The man responded, well…“‘I’m not [the] shepherd…I’m [the] butcher.’”[2]

With that, today we are reminded that Jesus is the Good Shepherd.

Changing gears a bit:

“If they really knew me…they wouldn’t like me. They wouldn’t accept me. If they really knew me, they would judge me. They would ridicule me.”

Do any of you ever think that?

I do. Sometimes I even think about it with all of you “If they REALLY knew me, like really knew my faults, my inner most thoughts, my embarrassing qualities and moments, my deepest regrets…it would all come crumbling down.”

I think each of us harbors parts of us for fear of retaliation or consequence. Why do you think on Facebook we only present our most glamorous sides? We truly let very few, if even anyone, not even our spouses, know us fully and completely.

It is scary, the thought of being fully known.

And sisters and brothers, Jesus in this passage, is saying that he does fully know us. As the Shepherd of his sheep, according to him, he really knows (10:27)—he knows the darkest parts, the regrettable histories, the failures, and brokenness.

And what is his response to knowing us so deeply? Is it ridicule? Is it rejection? Is it condemnation and punishment?

Well, let’s take a look at what he says.

Jesus: “I know them…I give them eternal life” (10:27-28). There you have it.

That is grace. Jesus truly knows who we are, and on that knowledge he announces that he loves us to the greatest degree—to our salvation. The Good Shepherd truly did not come to the world to condemn it, but to save it (3:17).

So my dear friends, fear not. The Son of Man knows you fully and completely, and he loves you deeply, even to the point of death. From that love we can resurrect in this life, we can rise up in the face of our insecurities and cast off our fears, shed our darkest regrets, and embrace our quirky or unsure qualities, for we are known and we are still worth everything.

Not only that, I do wonder if there is also something beautiful and comforting about being fully known in this case. As one biblical scholar puts it: “Jesus says, ‘I know my own and my own know me” (v. 14)—“That means there are no strangers in this flock, none who should feel that he or she is unrecognized.”[3] While there is something frightening about being fully known to others, with the grace of the Good Shepherd, there can also be something profoundly comforting. We are fully known and we are fully embraced.
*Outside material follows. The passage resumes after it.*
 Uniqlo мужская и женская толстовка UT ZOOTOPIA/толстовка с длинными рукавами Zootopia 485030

We can accept that we are accepted (Peter Rollins). We can boldly accept this because Jesus knows our faults, our darkest histories, our most brutal selves. God in Jesus knows those parts of each of us – and with that knowledge, he is not a butcher! His response is not to cut, tear us apart, and serve us up, but to shepherd.

Finally, this is where today’s text ties in with last week. Last week, Jesus told his disciples what it looks like to affirm him and to be people of his resurrection (21:15-19)— he told us that it looks like feeding his sheep, tending to his lambs, and loving one another as he loved us.
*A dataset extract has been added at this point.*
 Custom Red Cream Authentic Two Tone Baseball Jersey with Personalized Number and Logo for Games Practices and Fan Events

Today, and always, it’s the same—what does it mean as his sheep whom are fully known and embraced, to “hear his voice”? It means following him confidently and therefore letting fear and shame depart, and it means following him in feeding the other sheep and tending the other lambs. To hear his voice is to love one another in the way that he shepherds us (cf. 13:35; 15:9-12). To hear his voice is to be shepherds to one another, and not butchers.

At last, sisters and brothers, I encourage you to use the photo of the shepherd on your bulletin as a reminder of who God is for each of us every day[4]—a shepherd …and a good one. Use it as a reminder of how we are called to treat one another, as the Good Shepherd first showed us. Amen.

     [1] https://www.sermoncentral.com/sermons/sheep-or-goats-richard-white-sermon-on-good-shepherd-194991.

     [2] https://www.sermoncentral.com/sermons/sheep-or-goats-richard-white-sermon-on-good-shepherd-194991.

     [3] Walter Brueggemann, Texts for Preaching: A Lectionary Commentary Based on the NRSV—Year B (Louisville: Westminster John Knox Press, 1993), 305.